The business has major roles and responsibilities in MDM. The aforementioned governance process is one major example of this—both in the formation of the workflow, as well as being on the spokes of the workflow during its execution. We call both types of participants Data Stewards, as well as those contributing to the data modeling and data quality rules from the business side.

These senior business analysts in the subject areas being built into MDM should actually be considered part of the extended development team for the subject area they are the expert in.

There is also a Project Sponsor. This sponsor is ideally a business executive who understands the importance of information to the business and the importance of MDM to those objectives. The sponsor understands the short- and long-term capabilities of MDM in the organization and actively contributes to shaping them in the form of the iteration plan.

The sponsor will keep MDM out of internal cross-fire and chair recurring executive briefings on the project. They will chair the aforementioned data governance group and be the executive voice of requirements to vendors in the tool selection process.

MDM Technology

While MDM does not necessarily need a vendor-purchased tool, practically speaking it is difficult to pull off MDM without one. MDM tools coordinate all of the aforementioned functions without the need for disparate, discrete tools for each function.

Many vendors are claiming the MDM category and the large software companies have clearly positioned themselves in this space. You should base your shortlist on vendors who support the characteristics of your particular MDM need. Inevitably, given the breadth of MDM, every vendor will be providing many features that you would not consider important. Don’t sell yourself short, though—those features may be prominent in your implementation someday.

Data quality tools may also be needed to address grievous data quality challenges above and beyond MDM data quality functions. Integration technologies such as an enterprise services bus, a data integration tool or some other manner of moving data will be necessary.
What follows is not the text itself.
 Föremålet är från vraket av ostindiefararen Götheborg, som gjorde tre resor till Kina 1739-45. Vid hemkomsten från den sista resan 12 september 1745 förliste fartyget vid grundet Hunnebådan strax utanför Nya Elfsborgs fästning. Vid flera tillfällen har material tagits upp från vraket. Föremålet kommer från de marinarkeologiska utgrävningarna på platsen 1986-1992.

Some MDM tools do not provide matching capabilities. Finally, syndicated data, naturally, is a separate purchase entirely.

Action Items

• Divide your organization into its subject areas

• Prioritize the subject areas

• Determine the source(s) of record for each subject area for the new architecture

• Determine which need governance, and to what degree

• Learn what is available in the syndicated data marketplace and develop a value proposition for syndicated data

• Assign value to the various components of MDM—data modeling, data integration, data governance, data quality

www.mcknightcg.com/bookch7


1There are some data warehouses out there with selective real-time data, which is great and may alleviate some need for a separate MDM hub, but realistically pursuing real-time data warehousing is less worth it than pursuing operational business intelligence, of which MDM is a part.

2Note this is different from “data governance.”

3Arguably, all MDM records could be considered “governed” since even those without MDM Governance form from confirmed sources.